▸ **Work task**: From the entries below, write out exactly the lines between the line holding "優勝した橿原 YEG チーム" and the line holding "山越阿弥陀図屏風（伝恵心僧都）鎌倉時代", inclusive, excluding any pictures.

☆ ☆ ☆

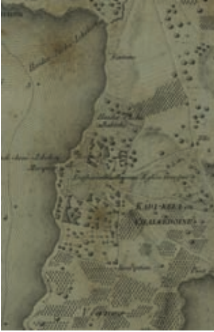
Harita: 1 Raimond haritası
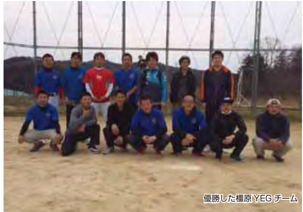
優勝した橿原 YEG チーム

この地域連携親睦スポーツ大会は5団体が集まり、スポーツを通じ楽しみながら交流、地域青年経済人の連携の輪を円滑に進める事業であり親睦を目的としています。今年で5回目の開催となりました。スポーツ大会後は橿原観光ホテルでの懇親会を開催し、優勝した橿原 YEG はトロフィーを持ち帰りました。
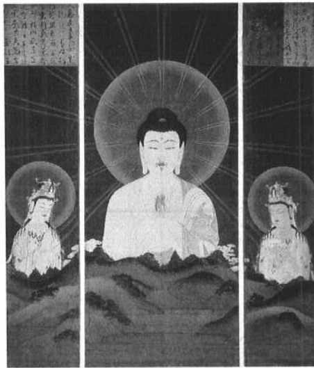
山越阿弥陀図屏風（伝恵心僧都）鎌倉時代
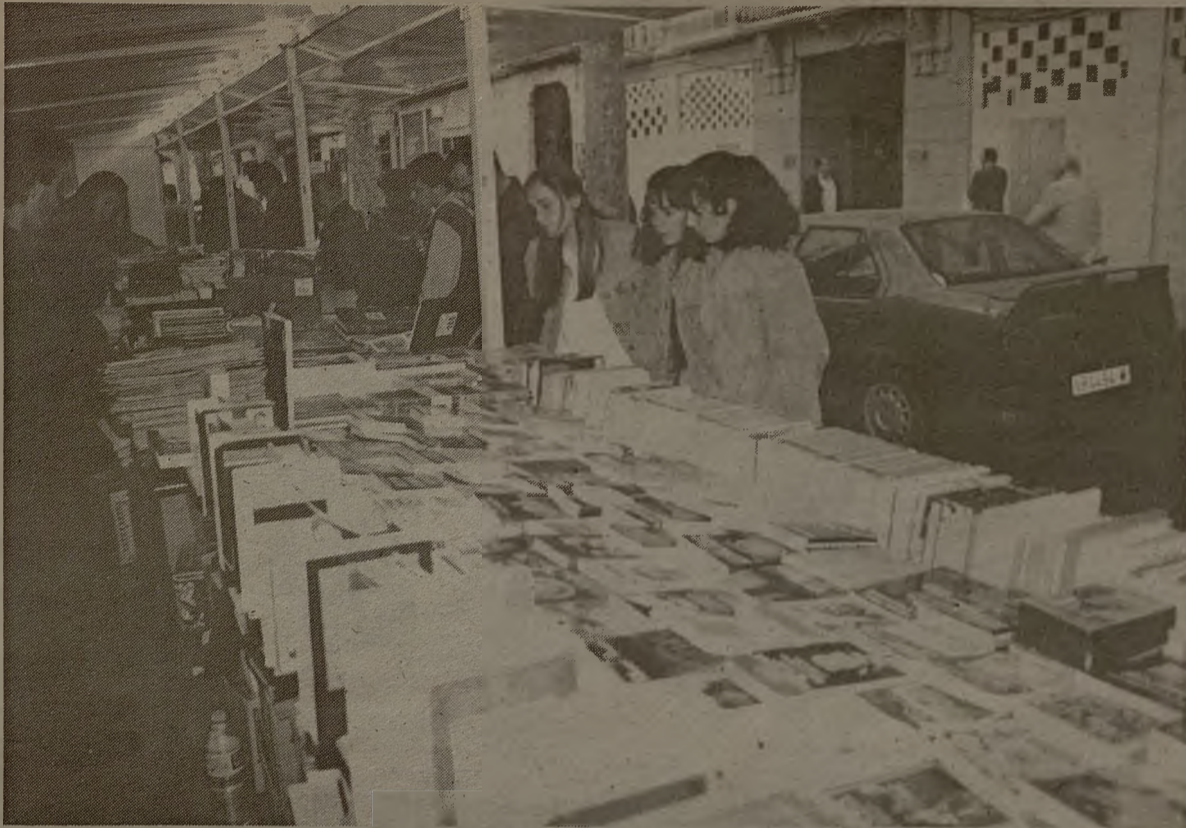
La afición a la lectura se va extendiendo progresivamente en Albacete gracias a la promoción que hacen las bibliotecas.

Dentro del patronato de la Universidad Popular, funciona la unidad de bibliotecas municipales, encargada de coordinar y gestionar el servicio de estos centros. Actualmente existen en Albacete y pedanías ocho bibliotecas, con un centro coordinador en la calle de la Paz y otra
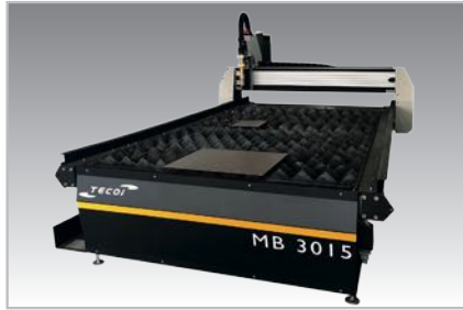
Model 3015 Modelo 3015

Without a doubt, the MB model is the perfect solution for low and average production lines. With this model, TECOI is strengthening its leadership in the manufacture of cutting machines with the best performance on the market.
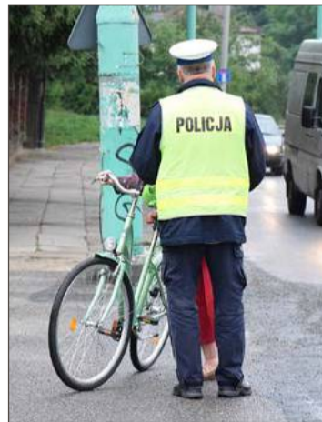
Policjanci bez przerwy zatrzymują nietrzeźwych rowerzystów.

☆ ☆ ☆

▸ **Exercise output**:
優勝した橿原 YEG チーム

この地域連携親睦スポーツ大会は5団体が集まり、スポーツを通じ楽しみながら交流、地域青年経済人の連携の輪を円滑に進める事業であり親睦を目的としています。今年で5回目の開催となりました。スポーツ大会後は橿原観光ホテルでの懇親会を開催し、優勝した橿原 YEG はトロフィーを持ち帰りました。
山越阿弥陀図屏風（伝恵心僧都）鎌倉時代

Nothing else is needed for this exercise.